We are an Easter people and Alleluia is our song

These two weeks are called Passiontide in the church’s Calendar. They focus on the last two weeks of Jesus’ life. By coincidence my journey in this blog through Mark’s Gospel enters the writer’s build up through the story to the trial and execution of Jesus. Here in chapter nine verse 31 the author puts some editorial words into the mouth of Jesus:

The Son of Man is to be betrayed into human hands, and they will kill him, and three days after being killed he will rise again.

Of course Jesus knew the risk he took in going to Jerusalem and no doubt he tried to prepare his followers for trouble but as usual Mark reveals the disciples’ lack of understanding. These words bear the quality of Mark’s hindsight.
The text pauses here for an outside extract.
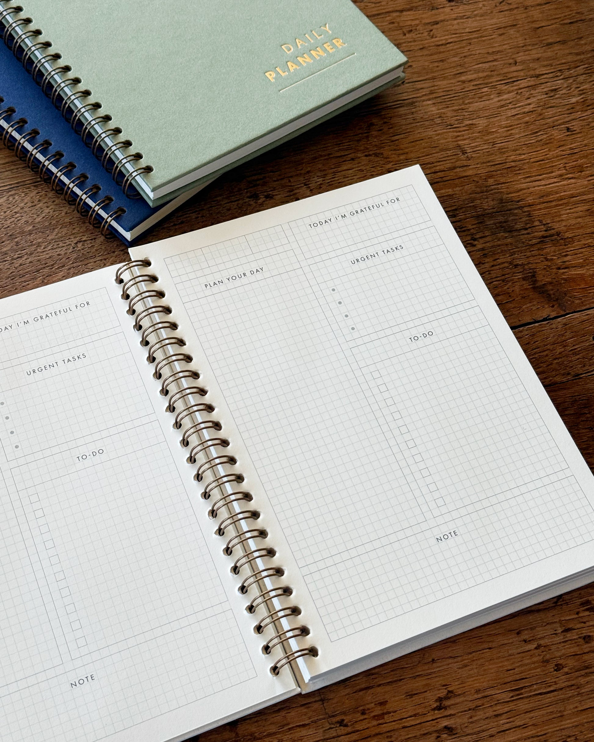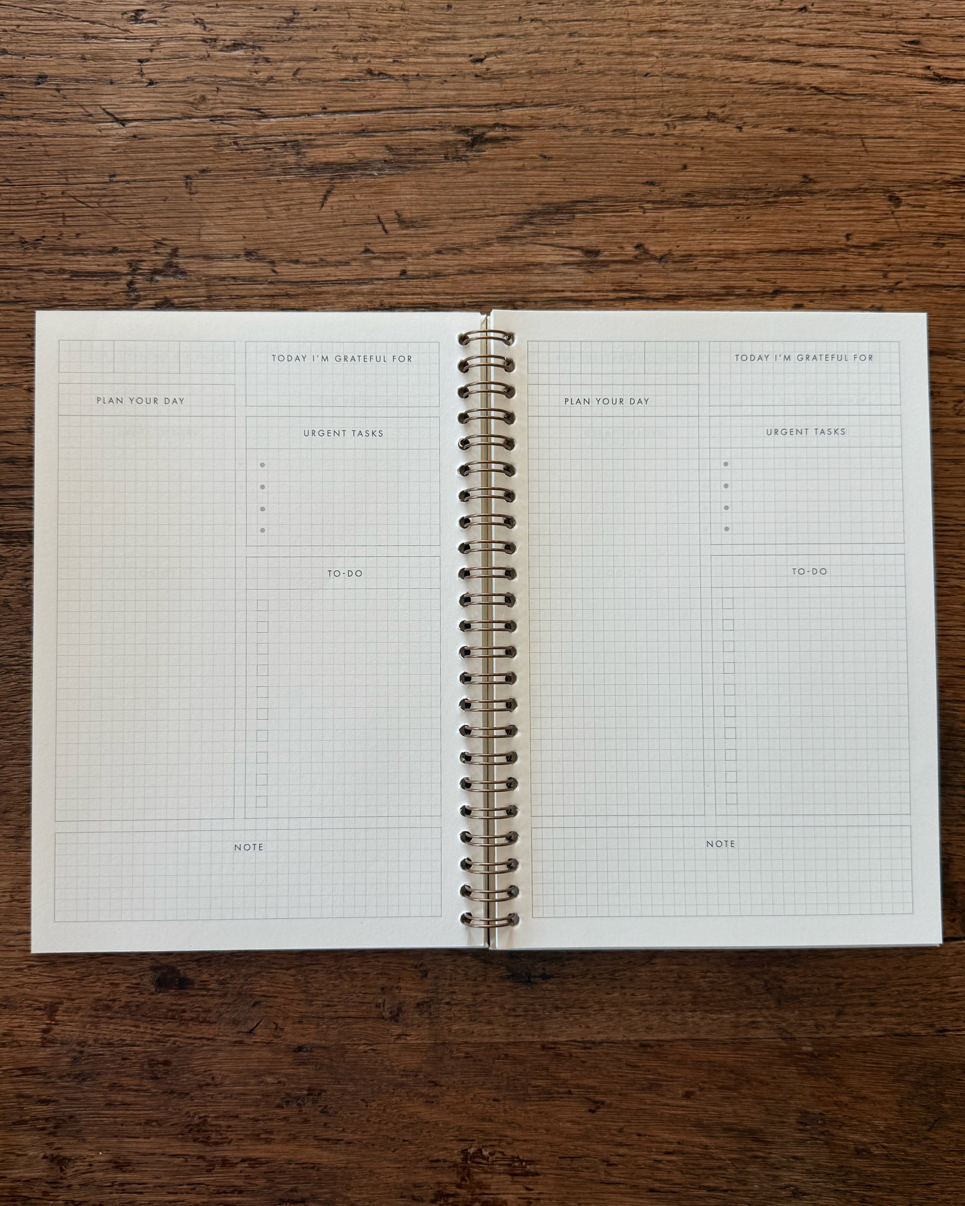 Diseñado para la simplicidad y la productividad, este planificador presenta un diseño repetitivo único para optimizar tu rutina diaria. Cada página te ayuda a reflexionar sobre la gratitud, planificar tu día, priorizar tareas urgentes y organizar tu lista de tareas fácilmente.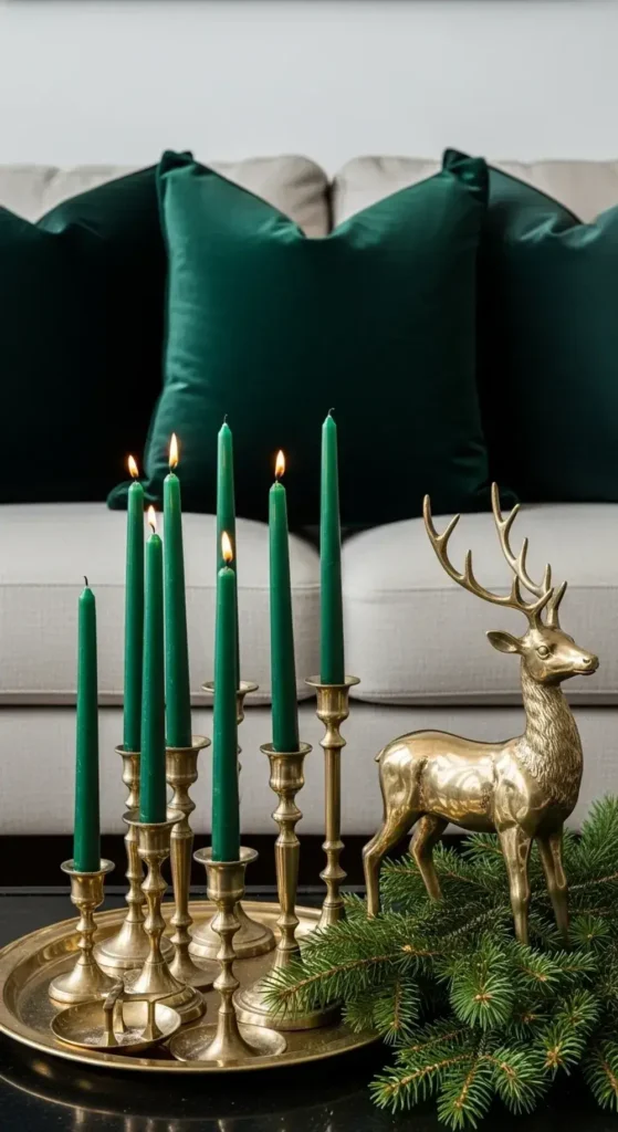 Think emerald green candles in brass holders. Picture green velvet pillows on the sofa. It feels luxurious and absolutely timeless right away.

But hang on! All of us Christians have the benefit of hindsight. As a memorable poster once proclaimed: “We are an Easter people and alleluia is our song.” Which is why I find these two weeks leading up to Easter somewhat difficult. They demand that I forget that I am already part of the Easter experience in order to relive, in some liturgical detail, the events that led up to the death of Jesus. Why? Because the Gospel writers (and the church) are keen to help me interpret what happened to Jesus in the light of the Hebrew scriptures (the Old Testament to Christians). They want me to see Jesus as a saviour. But as you can see from the heading to this blog,  my purpose is to recover the idea of Jesus as a Wisdom Teacher. He is a teacher who offers ‘salvation’ but not, in my experience, because he ‘died for my sins’. Rather, he shows me the way and teaches me how to walk it. His demonstration of the way included his willingness to die and plenty of his followers have likewise been willing to follow that way to a similar end. Christians were known at first as followers of The Way. We are offered a way to live, not a set of beliefs to accept.

So I wish Easter came before Holy Week in the church’s calendar if only to try and avoid some of the misunderstanding that surrounds the life and ministry of Jesus of Nazareth. The miracle is that so much of his teaching still shines through the spin so quickly put on it even among the earliest followers of the Way. Some of these misunderstandings are dealt with in the next verses of chapter nine. I’ll take a look at them in my next blog entry.